Олегу все это очень нравилось, но некоторые моменты его здорово смущали. Например — водка. Ну вот не мог он ее пить. Не нравилась она ему. Ни вкус, ни запах, ни сам момент опьянения. Да что там, он на самом деле вообще любое спиртное не жаловал. То же самое — сигареты. Дома у него никто не курил, и сам он этого делать не собирался.

А как тогда быть? Мужской коллектив суров, у него свои правила и принципы. Не пьешь? Или больной, или сволочь, третьего не дано. Ну а когда про это все узнает вторая, прекрасная половина ОВД, то вообще пиши пропало. Засмеют, затуркают, и он, красный от смущения, отсюда сбежит.

Но куда? На Крытый рынок, к дядьке, кожаными куртками и кепи торговать?

Вот тогда Ровнин и разработал свою схему, которая хоть и прилепила к нему статус то ли юродивого, то ли блаженного, но зато сняла все вопросы с нетипичным для этого места поведением. Кстати, ему самому очень понравилось, как он все провернул. Так-то Олег был парень скромный, несклонный к самолюбованию, но тут он даже немного собой погордился. Шутка ли — столько народу вокруг пальца обвел? И какого! Матерого!

Он даже схему, которую начертил для наглядности тогда, когда все обдумывал, со стены своей комнаты снимать не стал как зримое свидетельство того, что в голове у него все же мозги, а не масло «Рама». Что бы там дядя ни говорил!

А еще Олегу очень хотелось раскрыть какое-нибудь резонансное дело. Ну или провести какую-нибудь операцию, после которой о нем скажут: «А парень-то не промах». Желательно, конечно, чтобы такая фраза прозвучала в главке, но, если он услышит ее, к примеру, от подполковника Маркина, которого в ОВД кроме как Емельянычем никто не называл, — тоже хорошо. И дело тут опять-таки не в тщеславии. Просто Ровнин чем дальше, тем больше начинал ощущать свою бесполезность. Сюда он пришел еще в прошлом декабре, сейчас вон уже лето начинается — и что?

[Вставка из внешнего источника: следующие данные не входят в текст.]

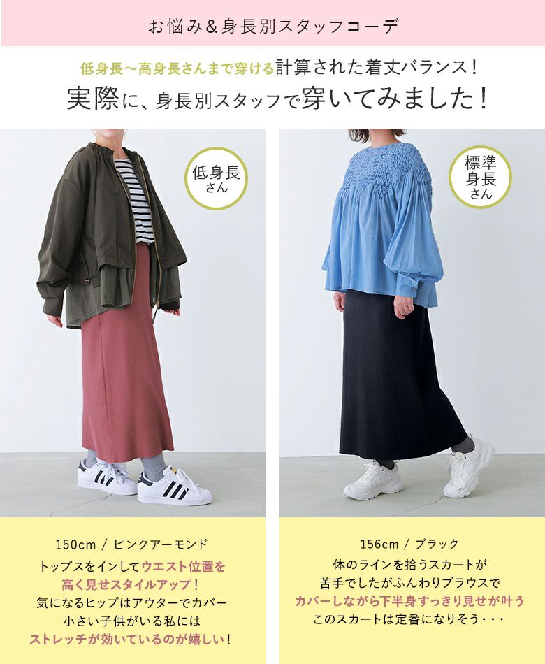 とても動きやすく、リブスカートですが体のラインを拾いすぎることなくすっきり着用できます。
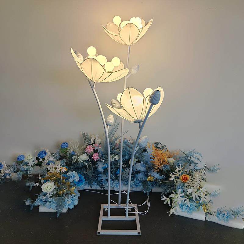 新弹款3舞头茶花路引动台摆件力AJN布暖灯白灯婚庆主体活装饰品
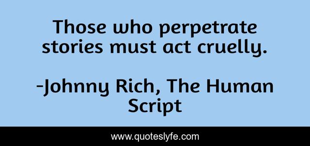 "Johnny Rich, The Human Script Quotes." Quoteslyfe.com, 2025. Sun. 07 Dec. 2025. <https://www.quoteslyfe.com/quote/Those-who-perpetrate-stories-must-act-cruelly-180663>.
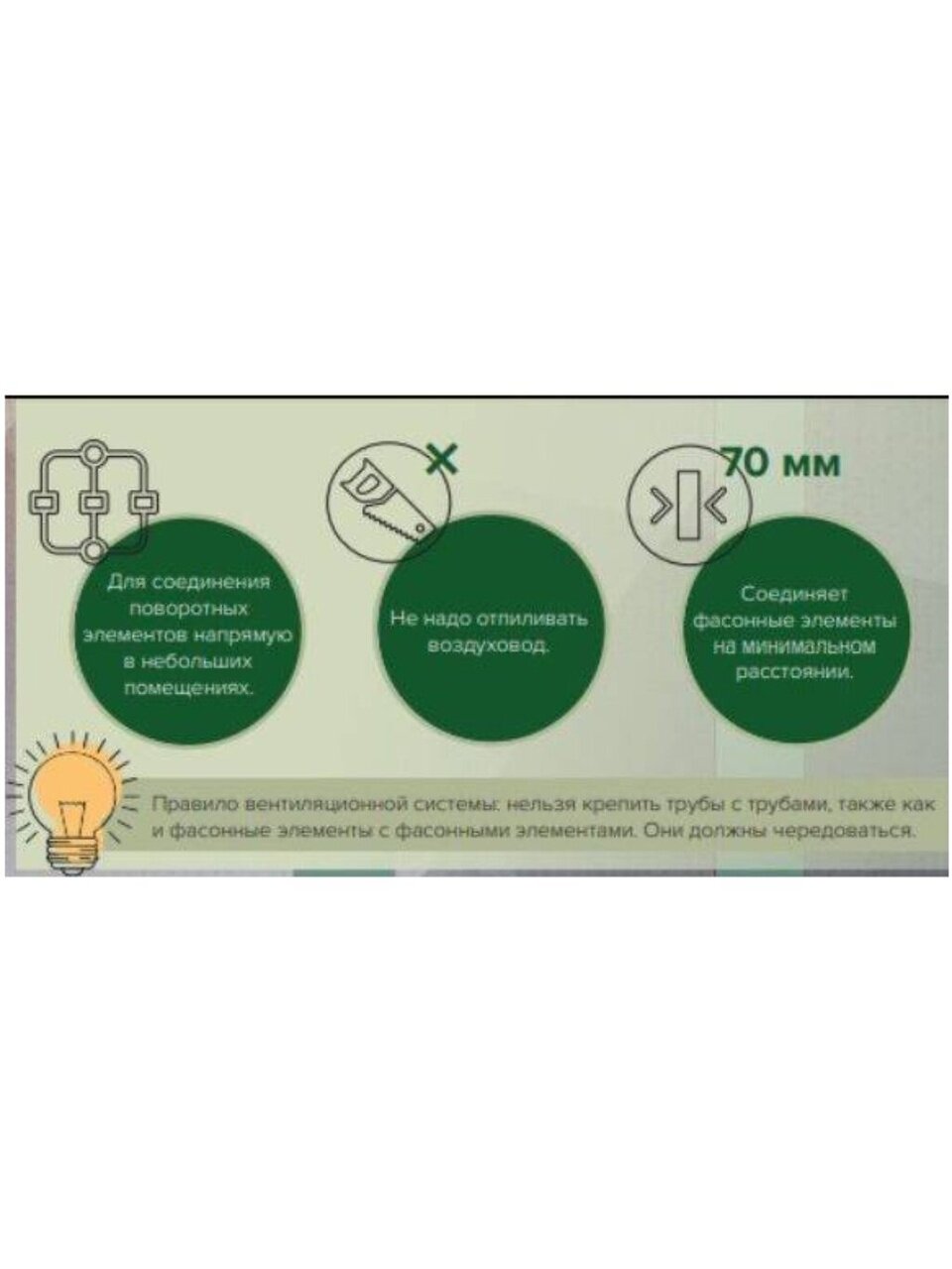 Соединитель поворотных элементов предназначен для соединения двух пластиковых фасонных элемента сечением 60х120 мм между собой. Представляет собой короткий участок прямоугольного пластикового канала. Вставляется внутрь двух соединяемых элемента пластиковой вентиляции.
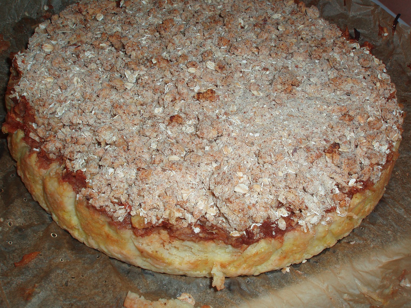 Na jáhlový korpus klademe nastrouhaná jablka smíchaná se skořicí.
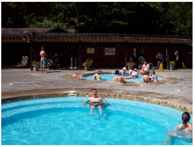 公园的管理部门,在温泉出流处修建了浴池,供游客泡澡。我和小李以及他的子女进入温泉浴室,享受了一个小时的温泉澡。收费倒是不贵,成年人11元,老年人和儿童可以优惠,每人8元。温泉的设施很简单,三个不大的圆形露天温泉浴池,一个在维修,其他两个温泉水的水温分别控制在华氏101度和104度(39°C和41.5°C),散发着温泉特有的浓郁刺鼻的气味。有二三十人在阳光烤晒中泡温泉。温泉池旁还有一个冷水游泳池,先在温泉池中把身体皮肤温度提高,再跳入冷水游泳池中游泳,或者反过来,游泳后再泡温泉。这是美国式的温泉文化,粗犷方式的享受。

Чем он может похвастаться за полгода службы? Да ничем. Олег — тот, про кого говорят: «Да вон его бери, один хрен ничего не делает». Он все время у кого-то на подхвате, занимается тем, что никто больше делать не хочет — ищет понятых, пишет протоколы изъятия и обходит квартиры, причем в четырех случаях из пяти ему никто не открывает дверь, а то и вовсе посылает куда подальше. А самым большим карьерным достижением лейтенанта Ровнина стала популярность у всех продавцов близлежащих палаток, потому что Емельяныч его, как самого младшего по возрасту из всех подчиненных, к ним постоянно гоняет то за коньяком, то за минералкой. За первым чаще, чем за вторым, поскольку хорошее настроение у начальства в последнее время случается нечасто. Поговаривали, что закачалось под Маркиным кресло, причем неслабо так, что, само собой, оптимизма ни ему самому, ни сотрудникам ОВД не добавляло. Новая метла всегда не только чисто метет, в Системе она еще и веники поменьше размером с собой приносит, дабы заменить ими старые. И хорошо еще, если бывшему руководству предложат уйти по собственному желанию или переводом, а не вышибут по статье, дабы оставленные по доброте душевной нового начальства сотрудники прониклись жесткостью момента и осознали, чего им стоит ждать, если они себе лишнего позволят. Прецеденты случались.

Еще к личным свершениям Олега можно было отнести поимку воров мелкой домашней птицы в дачном поселке, который входил в зону юрисдикции ОВД (ими оказались неблагополучные пацаны с окраины города, которые ловили кур беспечных дачников и жарили их в ближайшем лесу), двух пойманных карманников, участие в двух десятках рейдов по отлову и переписи проституток (Олег крепко подозревал, что Васек просто хотел вправить мозги особо борзым девкам, которые работали на себя, не желая идти под чью-то «крышу») и вечные дежурства на стадионе в те дни, когда там проходили футбольные матчи. «Сокол-ПЖД» после прихода Микаэляна, Гайсумова и Шацких как раз заиграл будь здоров, саратовские фанаты говорили о выходе в Высшую лигу 1997 как об уже свершившемся факте, предвкушая при этом большие битвы со «спартачами», «динамитами», «торпедонами» и представителями прочих уважаемых торсид, а пока с удовольствием тренировалась после матчей на фанатских коллективах команд попроще, из числа тех, что играли в Первой лиге.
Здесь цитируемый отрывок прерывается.